---
author: Ni Shi (shi_ni@bentley.edu)
---






We're going to create the `Pressure` dataset as example data.
It contains observations of pressure and temperature.
You would use your own data instead.





In [None]:
import pandas as pd
pressure = pd.DataFrame( {
    'temperature': [0,20,40,60,80,100,120,140,160,180,200,
                    220,240,260,280,300,320,340,360],
    'pressure':    [0.0002,0.0012,0.0060,0.0300,0.0900,0.2700,0.7500,
                    1.8500,4.2000,8.8000,17.3000,32.1000,57.0000,96.0000,
                    157.0000,247.0000,376.0000,558.0000,806.0000]
} )
pressure

Unnamed: 0,temperature,pressure
0,0,0.0002
1,20,0.0012
2,40,0.006
3,60,0.03
4,80,0.09
5,100,0.27
6,120,0.75
7,140,1.85
8,160,4.2
9,180,8.8



Let's model temperature as the dependent variable with the logarithm of pressure
as the independent variable.  To transform the independent variable pressure, we use NumPy's `np.log` function, as shown below.  It uses the natural logarithm (base $e$).









In [None]:
import numpy as np

# Compute the logarithm of pressure
X = pressure[['pressure']]
log_X = np.log(X)

# Build the linear model using Scikit-Learn
from sklearn.linear_model import LinearRegression
y = pressure['temperature']
log_model = LinearRegression()
log_model.fit(log_X, y)

# Display regression coefficients and R-squared value of the model
log_model.intercept_, log_model.coef_, log_model.score(log_X, y)

(153.97045660511063, array([23.78440995]), 0.9464264282083346)


The model is $\hat t = 153.97 + 23.784\log p$,
where $t$ stands for temperature and $p$ for pressure.

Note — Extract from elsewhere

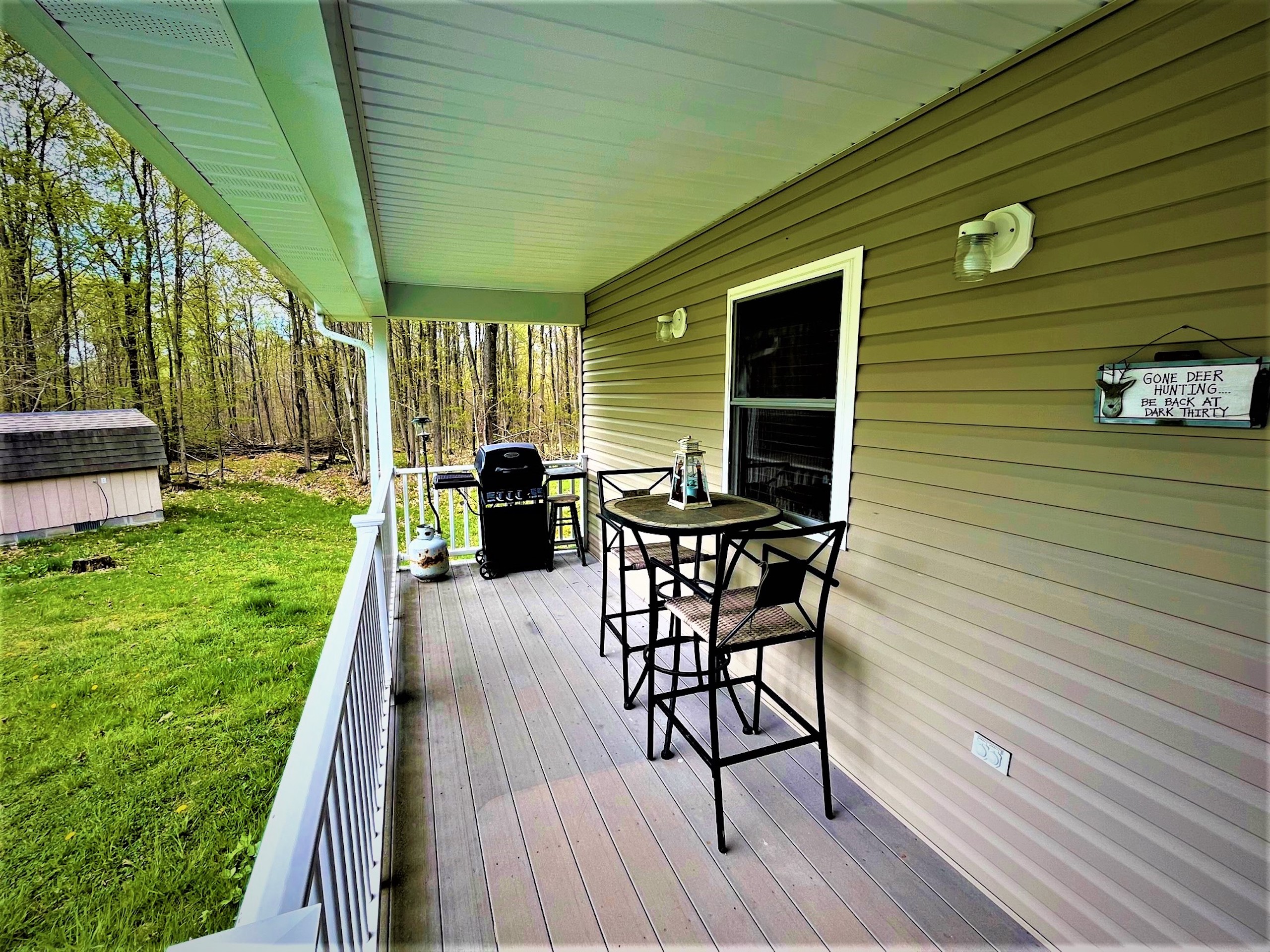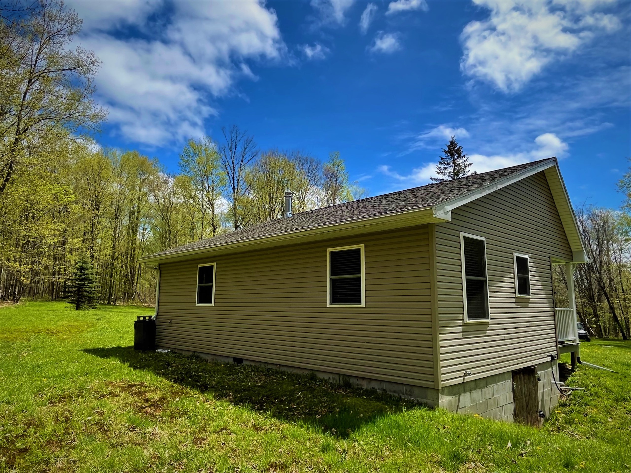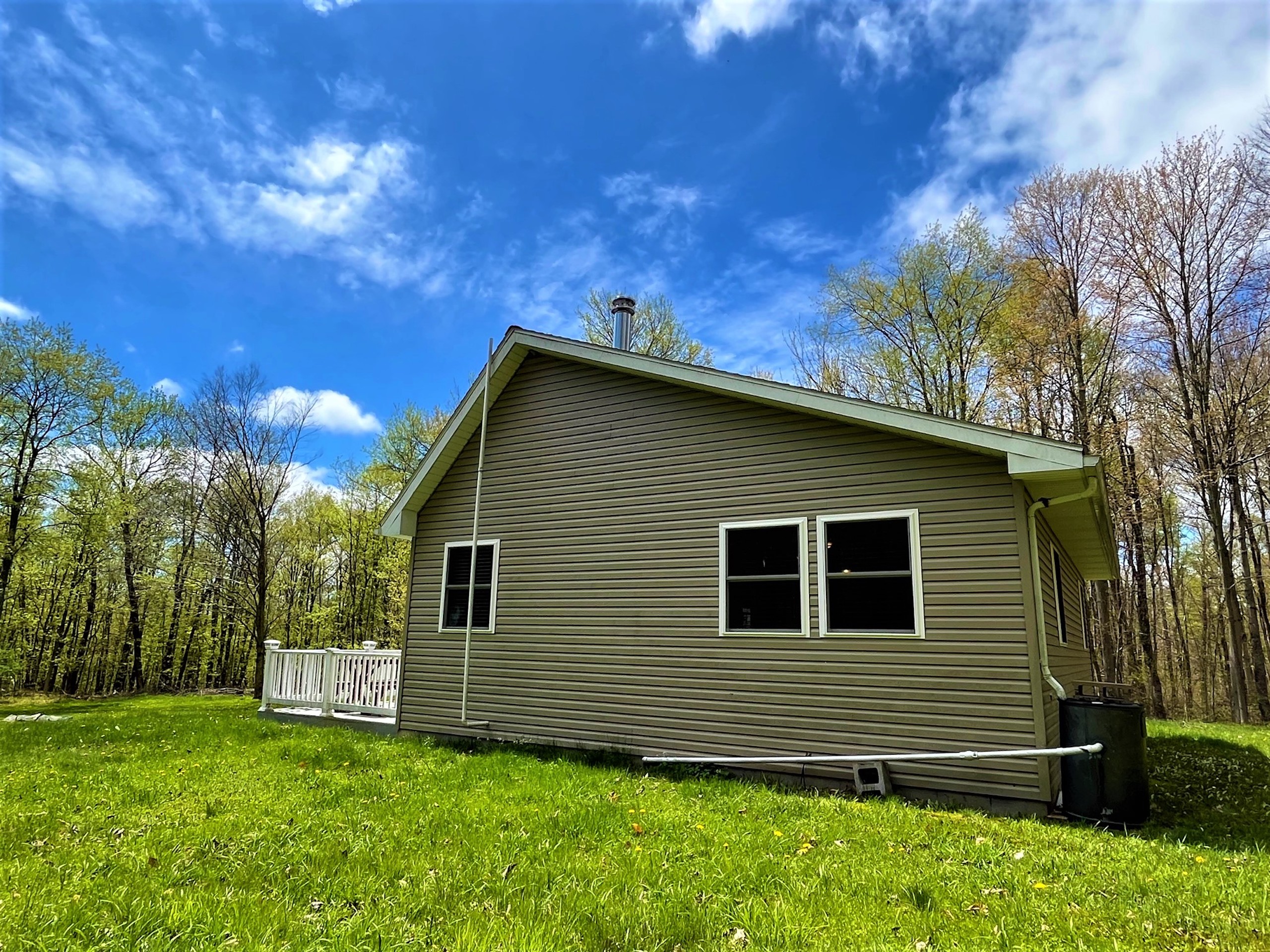 Looking for that private get-away spot to camp, hunt, or just enjoy during all four seasons? This cabin is the perfect get-away or place to call home while deer hunting or simply enjoying time away! The parcel is secluded and is accessed by a private driveway from Shamrock Road. Deer and turkey signs throughout the property make it obvious this parcel would be enjoyed by any hunter. The cabin has a 100 amp electric service that is powered by a generator system from outside in its own dedicated shed that doubles for storage for ATVs and tools. The cabin features propane heat, on-demand hot water, and a gravity-fed 250-gallon water holding system. The cabin was built in 2011 and includes a septic system, oak cabinets, a propane stove, propane fridge, propane oven, and a murphy bed for extra guests. There is a large single bedroom and bathroom, a covered porch, a deck, vinyl siding, and a block foundation with crawl space. Also on the property is a secluded bunkhouse that can be hooked up to a generator and is also heated by propane. There is also a privately owned 500-gallon propane tank. The landscape provides easy access for anyone to walk or ride ATVs throughout the property with a perimeter trail that loops over a mile with a myriad of secondary interior trails for total access to all corners of the property. A good mixture of tree species and obvious transition areas provide great habitat and obvious signs of deer and turkey. Several locations can be planted as food sources for wildlife and two shooting houses will remain on the property. A quiet, secluded, unique, must-see cabin on acreage.

Another example transformation is the square root transformation.  As with `np.log`,
just apply the `np.sqrt` function to the appropriate term when defining the model.





In [None]:
# Compute the square root of pressure
X = pressure[['pressure']]
sqrt_X = np.sqrt(X)

# Build the linear model using Scikit-Learn
from sklearn.linear_model import LinearRegression
y = pressure['temperature']
sqrt_model = LinearRegression()
sqrt_model.fit(sqrt_X, y)

# Display regression coefficients and R-squared value of the model
sqrt_model.intercept_, sqrt_model.coef_, sqrt_model.score( log_X, y )

(98.56139249917803, array([11.44621468]), 0.29600246256782614)


The model is $\hat t = 98.561 + 11.446\sqrt{p}$,
with $t$ and $p$ having the same meanings as above.